Clearly, greater efforts need to be taken in this region, as the conflict, which has roots in Rwanda, has been spreading from the Congo to Uganda and has the potential to destabilize the entire Central African region. Even if the violence is contained, the increased influence that we’re seeing from the anti-Tutsi groups could easily lead to a spread of violence, and possibly another rolling genocide.

Ukrainian mass grave uncovered

A mass grave was recently unearthed near the southern Ukrainian town of Odessa. The grave contained thousands of Holocaust victims, in a region that is believed to have exterminated an average of 500 people per day.

Efraim Zuroff, director of the Israel office of the Simon Wiesenthal Center, said the finding was no surprise: “It underscores the enormous scope of the plans of annihilation of the Nazis and their collaborators in eastern Europe.”

“The scope is enormous, the number of places where murders were carried out is very large and that is why even now at this point, so late after the events, graves are still being discovered,” he added.

It’s believed that 1.5 million Jews were killed during the Nazi occupation of the Ukraine, leaving behind between 250-350 mass graves.

Two sites mapping genocide

A month or so ago, Rich sent me a link for the US Holocaust Museum’s partnership with Google (entitled: USHMM + Google). I’ve been meaning to add it to the blogroll for weeks now but haven’t gotten around to it.

This morning, I found a link in my Google Alerts for Amnesty International’s newest feature — Eyes On Darfur — which is attempting to provide photographic evidence (largely satellite based) of what’s unfolding on the ground. Since they seem to be fairly complimentary websites, I thought I’d take a moment and plug both at the same time.

Cambodia awaits genocide trials

The judges in the long-delayed Cambodian genocide trials began meeting on Monday to see if they could resolve issues that have been plaguing the court for the last six months. With constant problems arising from almost every meeting, it seems less and less likely that the suspects will ever be tried.

Speaking on behalf of her U.N.-appointed colleagues, Judge Sylvia Cartwright from New Zealand expressed optimism that the rules can be adopted.

“We know that if the internal rules are adopted in their present draft form, we have a foundation from which it may be possible to ensure a free, fair and transparent trial,” she said.

She and Kong Srim are co-chairing the plenary session.

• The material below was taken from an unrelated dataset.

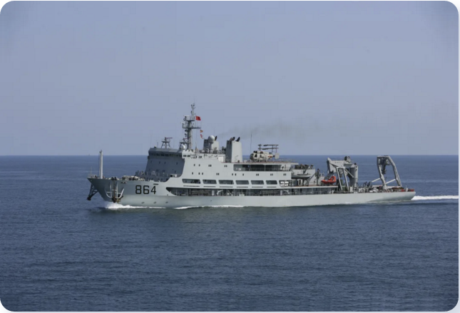864舰是我国自主设计建造的首艘最新型综合潜艇救援舰。该舰于2010年初服役,其主要任务是对失事潜艇实施援潜救生,还可以执行各种潜水勤务及协助打捞作业,以及对失事水面舰船和落水人员进行救援等。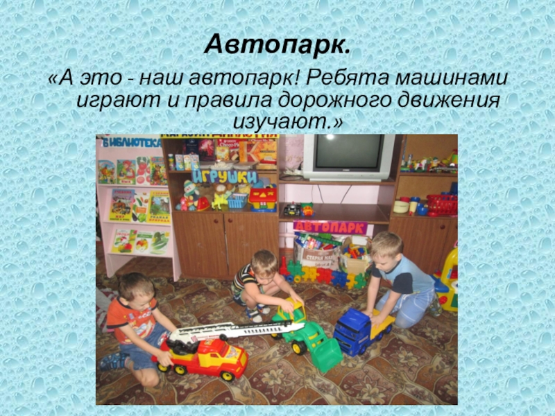 «А это - наш автопарк! Ребята машинами играют и правила дорожного

As I’ve written about in the past, the biggest problem with these constant delays is the aging defendants, many of whom are dying.

Save Darfur restructuring

Save Darfur, the organization that has been hugely successfully in rallying support for the crisis in Darfur, has recently fired their executive director and is in the process of reorganizing their board of directors. Even though the Sudan Tribune goes through a laundry list of complaints about a few of the practices of the organization, John Prendergast who serves on the board, said:

…the changes that the board decided to make were part of an effort to reorganize and re-energize the movement along the lines of its earliest conception: to be a broad, permanent alliance of many different types of organizations working together to prevent atrocities and genocide.

“The growth was so fast in the coalition, as was interest in the issue of Darfur and in the budget, that it was hard to kind of manage the difference between an organization and a coalition,” Mr. Prendergast said. “People felt that the time had some to go back to the roots of the coalition of groups that is so rich and so diverse.”

Having worked for non-profits for years, I can say that it’s often healthy for these organizations to restructure themselves. I might also add that non-profits have a tendency to create themselves with a certain agenda in mind and then wind up having to change directions because whatever issue they’re attempting to address winds up evolving.